In the output, include exactly the lines from the beginning of the records up to and including the one that contains "Dalam laporan yang", and leave out the pictures.

**RECORDS TO USE**.
┌──
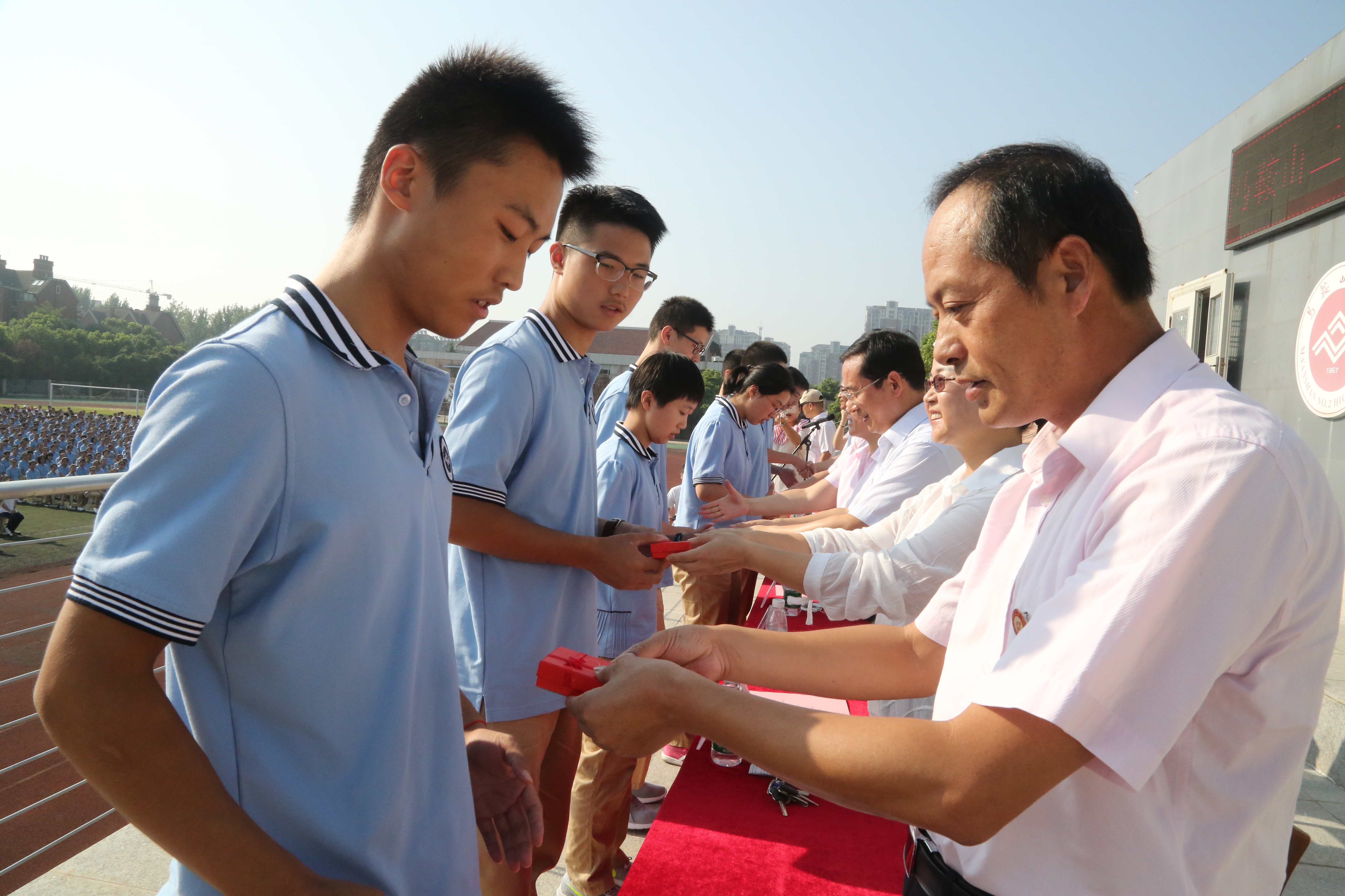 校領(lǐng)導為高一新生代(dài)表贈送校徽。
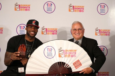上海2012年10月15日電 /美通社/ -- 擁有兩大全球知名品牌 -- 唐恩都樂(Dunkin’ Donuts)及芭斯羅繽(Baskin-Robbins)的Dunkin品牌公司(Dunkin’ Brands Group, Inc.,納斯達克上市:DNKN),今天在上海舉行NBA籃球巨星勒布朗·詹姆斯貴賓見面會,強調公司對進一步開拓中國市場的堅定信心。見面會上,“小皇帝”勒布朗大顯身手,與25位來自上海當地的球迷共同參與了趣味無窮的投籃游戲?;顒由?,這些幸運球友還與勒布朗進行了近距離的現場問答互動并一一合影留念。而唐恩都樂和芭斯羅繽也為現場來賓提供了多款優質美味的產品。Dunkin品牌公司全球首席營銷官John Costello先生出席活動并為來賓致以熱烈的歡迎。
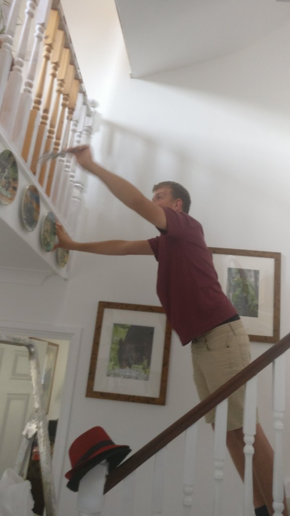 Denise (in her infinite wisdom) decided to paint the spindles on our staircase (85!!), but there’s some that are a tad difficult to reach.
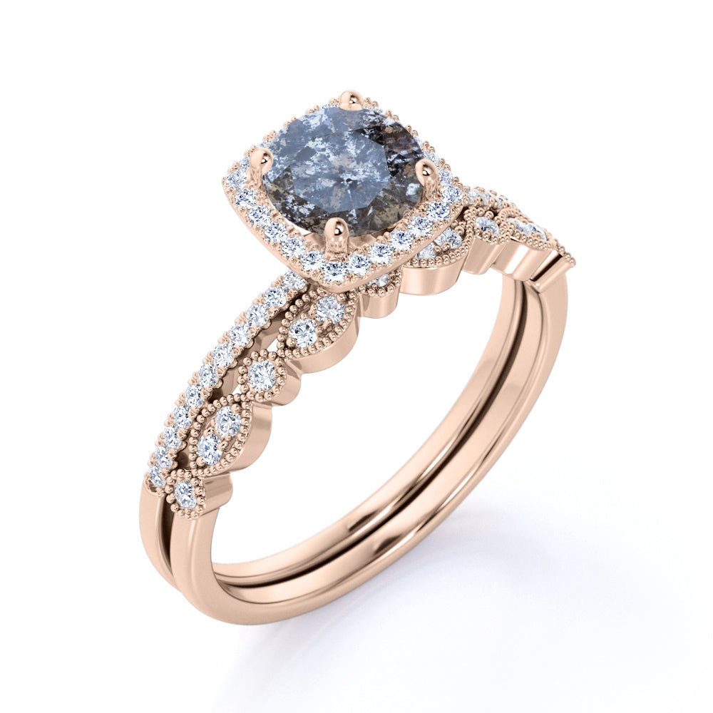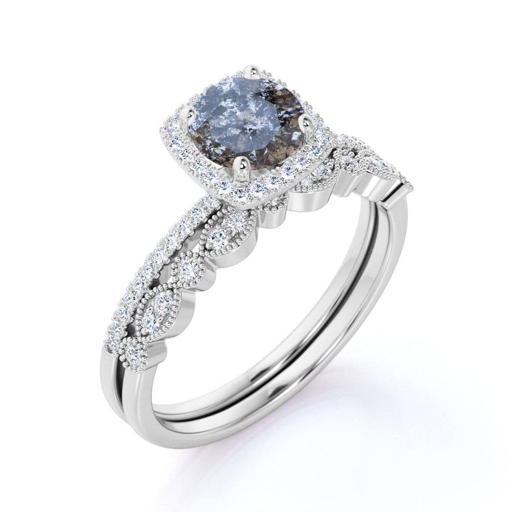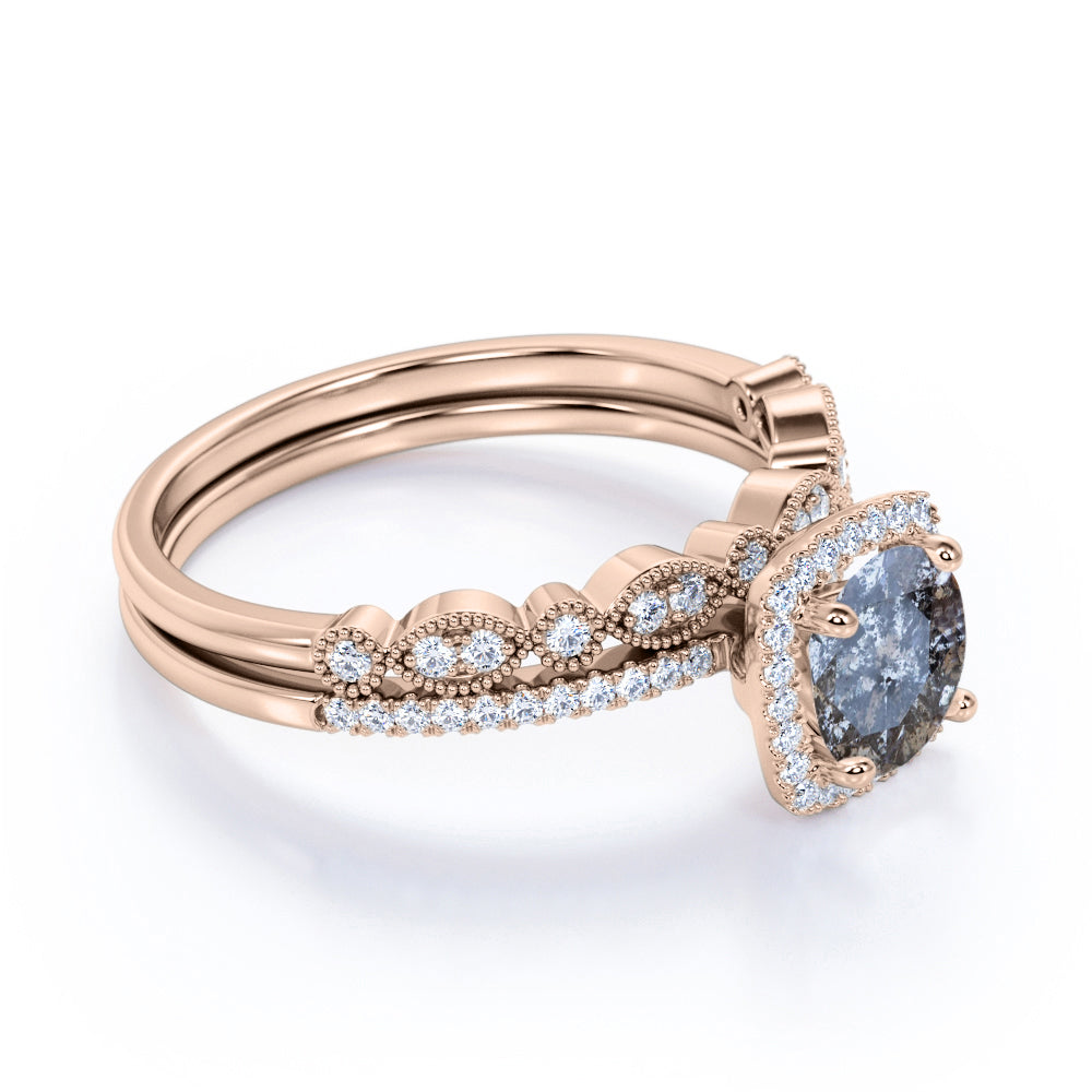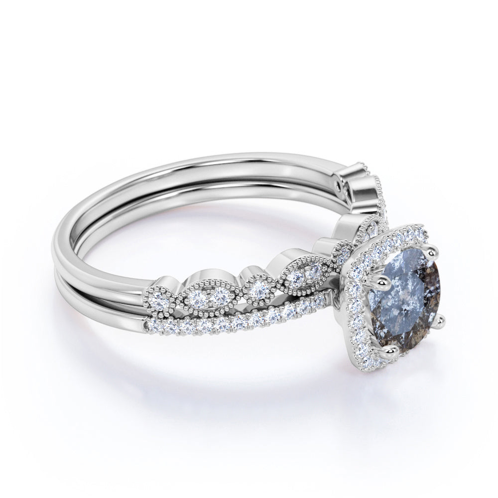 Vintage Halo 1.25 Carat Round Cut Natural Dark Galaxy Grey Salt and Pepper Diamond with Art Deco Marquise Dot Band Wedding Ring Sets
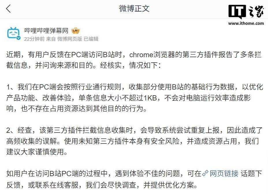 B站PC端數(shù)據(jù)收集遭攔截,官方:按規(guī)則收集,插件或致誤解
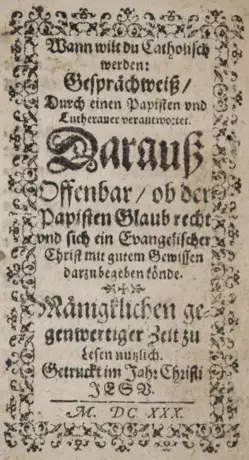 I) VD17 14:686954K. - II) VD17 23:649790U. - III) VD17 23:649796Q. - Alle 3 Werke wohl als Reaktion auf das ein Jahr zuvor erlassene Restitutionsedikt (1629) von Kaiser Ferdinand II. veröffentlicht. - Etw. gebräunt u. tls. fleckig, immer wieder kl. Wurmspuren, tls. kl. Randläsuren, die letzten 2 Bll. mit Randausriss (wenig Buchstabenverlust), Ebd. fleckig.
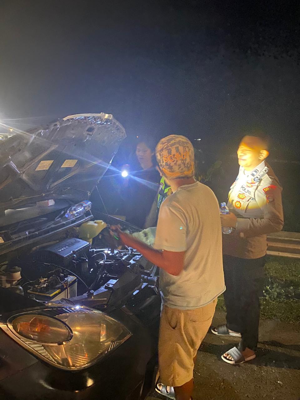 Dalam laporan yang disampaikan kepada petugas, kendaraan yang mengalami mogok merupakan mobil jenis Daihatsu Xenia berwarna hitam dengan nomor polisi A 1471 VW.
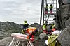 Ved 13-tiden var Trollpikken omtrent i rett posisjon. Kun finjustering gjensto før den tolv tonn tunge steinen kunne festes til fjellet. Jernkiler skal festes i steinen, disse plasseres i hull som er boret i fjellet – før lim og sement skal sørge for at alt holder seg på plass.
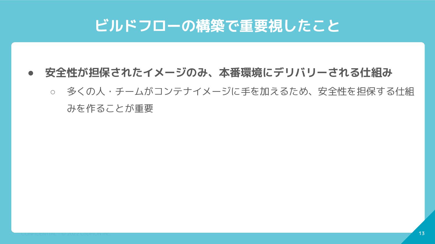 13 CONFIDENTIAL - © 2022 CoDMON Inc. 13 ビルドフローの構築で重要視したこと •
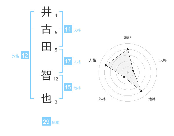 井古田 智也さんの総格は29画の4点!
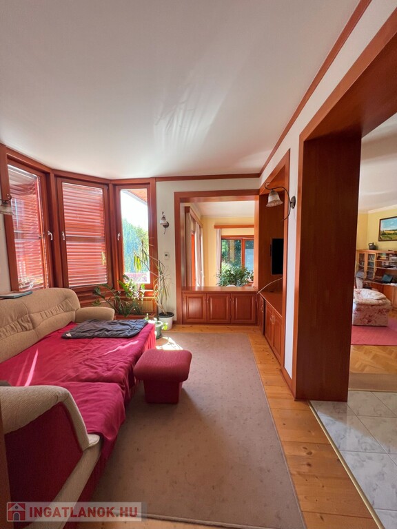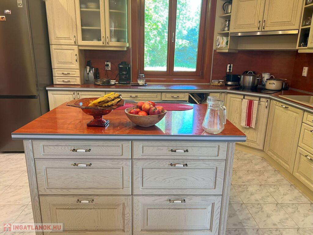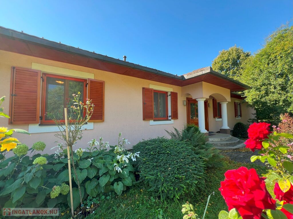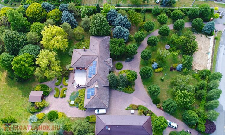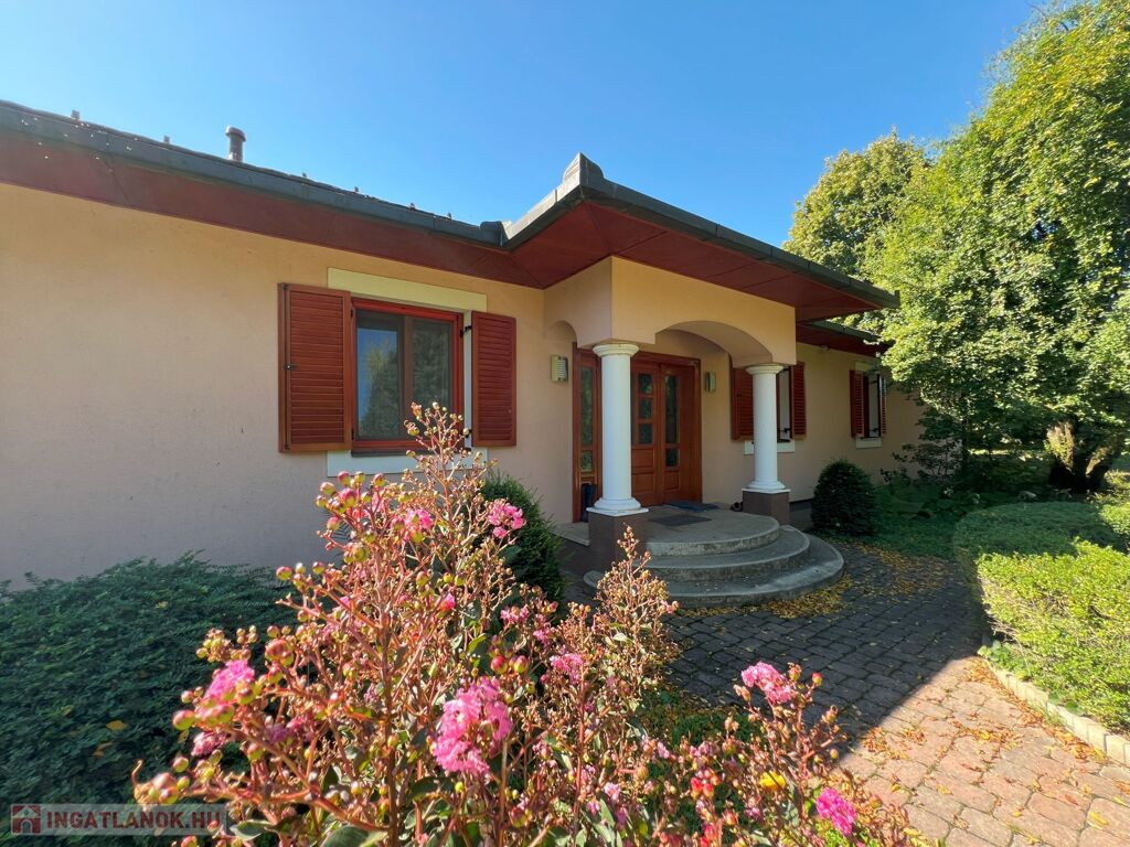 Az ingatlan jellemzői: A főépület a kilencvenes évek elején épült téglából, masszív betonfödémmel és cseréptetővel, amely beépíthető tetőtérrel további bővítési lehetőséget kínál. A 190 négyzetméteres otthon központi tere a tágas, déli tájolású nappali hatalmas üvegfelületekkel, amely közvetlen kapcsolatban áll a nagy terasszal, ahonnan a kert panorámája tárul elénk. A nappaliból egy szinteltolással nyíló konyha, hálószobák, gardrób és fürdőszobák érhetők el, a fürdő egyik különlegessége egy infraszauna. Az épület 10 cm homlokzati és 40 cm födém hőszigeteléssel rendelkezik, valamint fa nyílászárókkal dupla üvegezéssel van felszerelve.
└──
**YOUR SOLUTION**.
 校領(lǐng)導為高一新生代(dài)表贈送校徽。
上海2012年10月15日電 /美通社/ -- 擁有兩大全球知名品牌 -- 唐恩都樂(Dunkin’ Donuts)及芭斯羅繽(Baskin-Robbins)的Dunkin品牌公司(Dunkin’ Brands Group, Inc.,納斯達克上市:DNKN),今天在上海舉行NBA籃球巨星勒布朗·詹姆斯貴賓見面會,強調公司對進一步開拓中國市場的堅定信心。見面會上,“小皇帝”勒布朗大顯身手,與25位來自上海當地的球迷共同參與了趣味無窮的投籃游戲?;顒由?,這些幸運球友還與勒布朗進行了近距離的現場問答互動并一一合影留念。而唐恩都樂和芭斯羅繽也為現場來賓提供了多款優質美味的產品。Dunkin品牌公司全球首席營銷官John Costello先生出席活動并為來賓致以熱烈的歡迎。
 Denise (in her infinite wisdom) decided to paint the spindles on our staircase (85!!), but there’s some that are a tad difficult to reach.
 Vintage Halo 1.25 Carat Round Cut Natural Dark Galaxy Grey Salt and Pepper Diamond with Art Deco Marquise Dot Band Wedding Ring Sets
 B站PC端數(shù)據(jù)收集遭攔截,官方:按規(guī)則收集,插件或致誤解
 I) VD17 14:686954K. - II) VD17 23:649790U. - III) VD17 23:649796Q. - Alle 3 Werke wohl als Reaktion auf das ein Jahr zuvor erlassene Restitutionsedikt (1629) von Kaiser Ferdinand II. veröffentlicht. - Etw. gebräunt u. tls. fleckig, immer wieder kl. Wurmspuren, tls. kl. Randläsuren, die letzten 2 Bll. mit Randausriss (wenig Buchstabenverlust), Ebd. fleckig.
 Dalam laporan yang disampaikan kepada petugas, kendaraan yang mengalami mogok merupakan mobil jenis Daihatsu Xenia berwarna hitam dengan nomor polisi A 1471 VW.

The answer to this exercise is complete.